No nível da Transição Agroecológica nomeado por Gliessman (2000) de substituição, a ênfase tem sido dada à substituição de insumos industriais, caros e agressivos ao ambiente, por insumos alternativos, às vezes mais baratos, de menor impacto ambiental e poupadores de energia não renovável. Não obstante, dado que os produtos limpos entraram na moda e começaram a ocupar um volume crescente de áreas de produção, a própria indústria agroquímica e outras já passaram a ofertar no mercado os insumos industriais biológicos ou orgânicos, ou seja, estão reciclando seus negócios de acordo com a ideia de uma economia verde.
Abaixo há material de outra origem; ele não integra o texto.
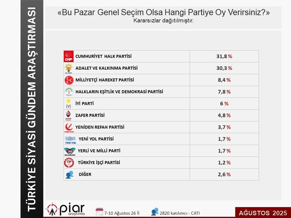 Piar Araştırma’nın 7-10 Ağustos tarihinde yaptığı ankette; CHP’nin oy oranı yüzde 31,8 olarak hesaplanırken, AKP’nin oy oranı yüzde 30,3 olarak açıklanmıştı.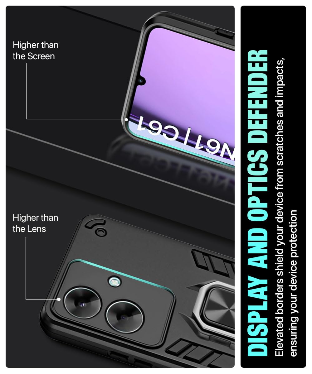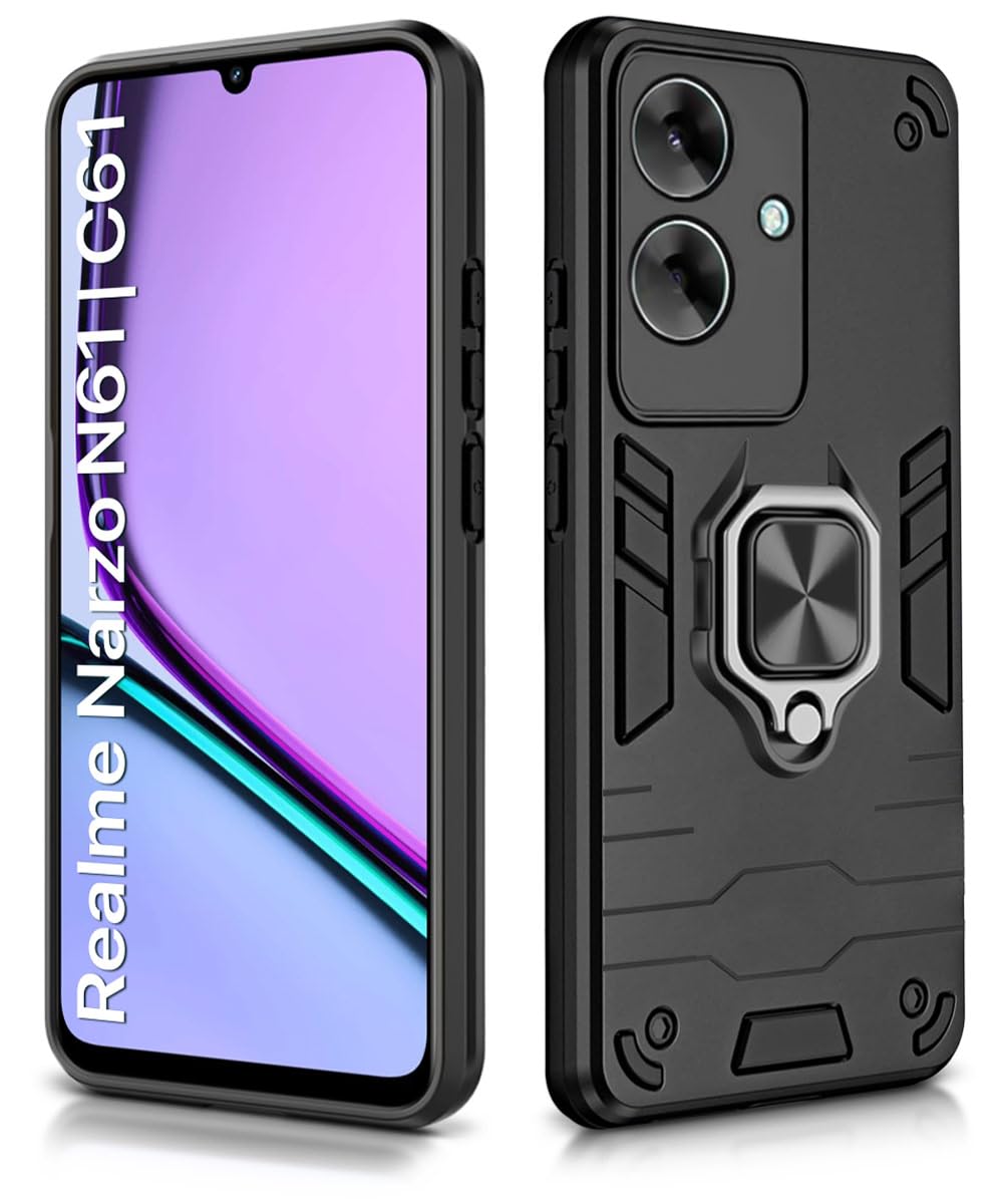 Shock Proof Back Case Mobile Cover for Realme Narzo N61 | Realme C61 (Tough Armor | Hybrid PC + TPU | Full Protection with Ring Holder & in-Built Kickstand | Black)

Nesse ponto, surge outro tipo de problema social e político, que não corresponde aos princípios da Agroecologia: a continuidade da subordinação dos agricultores aos fornecedores industriais e financeiros relacionados ao setor agropecuário.
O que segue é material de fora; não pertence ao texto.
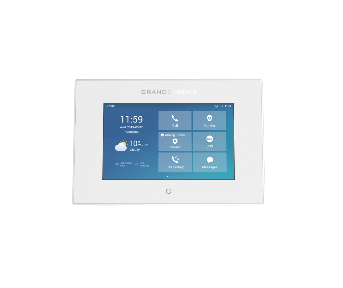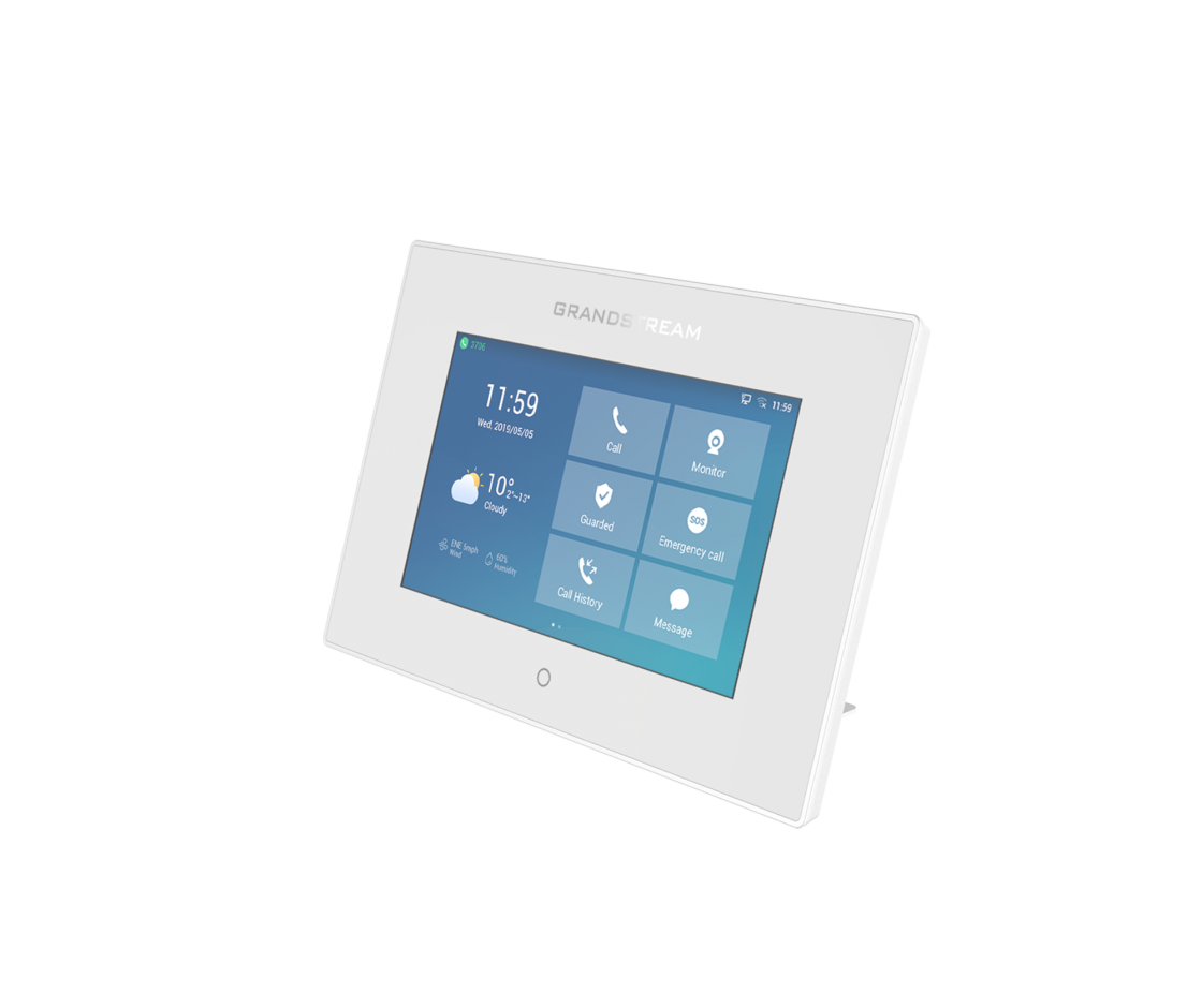 GSC3570は、施設内線通話、ドアアクセス、監視セキュリティなどを管理する専用デバイスを必要とするビジネス向けにデザインされた強力なインターホン/施設管理ステーションです。このデバイスは、容易なドアコントロール、インターホンと一斉放送通信、セキュリティカメラ管理と施設全体のユニファイドコミュニケーションの統合ソリューションとして壁掛けや卓上設置が可能です。 GSC3570は、7インチタッチパネルLCDと全二重双方向のHDオーディオ機能を装備しています。これはPoE対応100MbpsネットワークポートおよびデュアルバンドWi-Fiサポートによる柔軟なネットワーク接続性を提供します。このSIPインターホン/施設管理ステーションは、GDSシリーズドアアクセスデバイス、GSCシリーズインターホン/一斉放送通信デバイス、セキュリティカメラなどを含めたGrandstream全体の製品ラインを統合するようにデザインされています。GSC3570は、集中監視と管理のために必要とされる施設アクセス、通話とセキュリティのあらゆる設置ニーズに理想的です。

Mesmo sem aprofundar o debate antes suscitado, cabe lembrar que, embora não seja necessário passar primeiro pelo nível da substituição de insumos para depois adentrar no nível de redesenho do agroecossistema (nível mais complexo, que se discutirá em seguida), muitas experiências práticas em curso mostram que é de extrema relevância a recuperação dos agroecossistemas a partir da incorporação de insumos e tecnologias poupadores de energia que gradualmente contribuam para o restabelecimento de processos ecológicos capazes de reduzir a dependência externa e estimular os sinergismos entre os elementos biofísicos que compõem o sistema. Na realidade, o nível da substituição de insumos (desde que seja por insumos não industriais) pode trazer resultados econômicos importantes, porquanto a) leva à redução do uso de inputs externos e valoriza recursos locais menos intensivos em capital e energia; b) contribui para o alcance de resultados ambientais notórios, na medida em que desconcentra o emprego de produtos poluentes e com maior impacto energético; e c) produz resultados sociais, uma vez que certas práticas e arranjos produtivos aumentam as oportunidades de trabalho. Nesse nível, o solo constitui uma das preocupações centrais, pois de sua adequada recuperação biológica e físico-química depende a obtenção de índices de produtividade física continuados através do tempo, sem que se tenha que seguir incorporando doses elevadas de fertilizantes químicos, como se faz hoje na agricultura convencional (o que remete a outro tipo de dependência, haja vista que mais de 90% do potássio usado na agricultura brasileira são importados). Igualmente, a incorporação de biodiversidade agrícola funcional e o uso de biofertilizantes enriquecidos, pós de rocha, compostos e matérias orgânicas, bioinseticidas e técnicas de controle biológico, entre outras práticas alternativas, representam formas tecnologicamente avançadas de substituir insumos, já que apresentam a potencialidade de melhorar a resiliência18 dos agroecossistemas.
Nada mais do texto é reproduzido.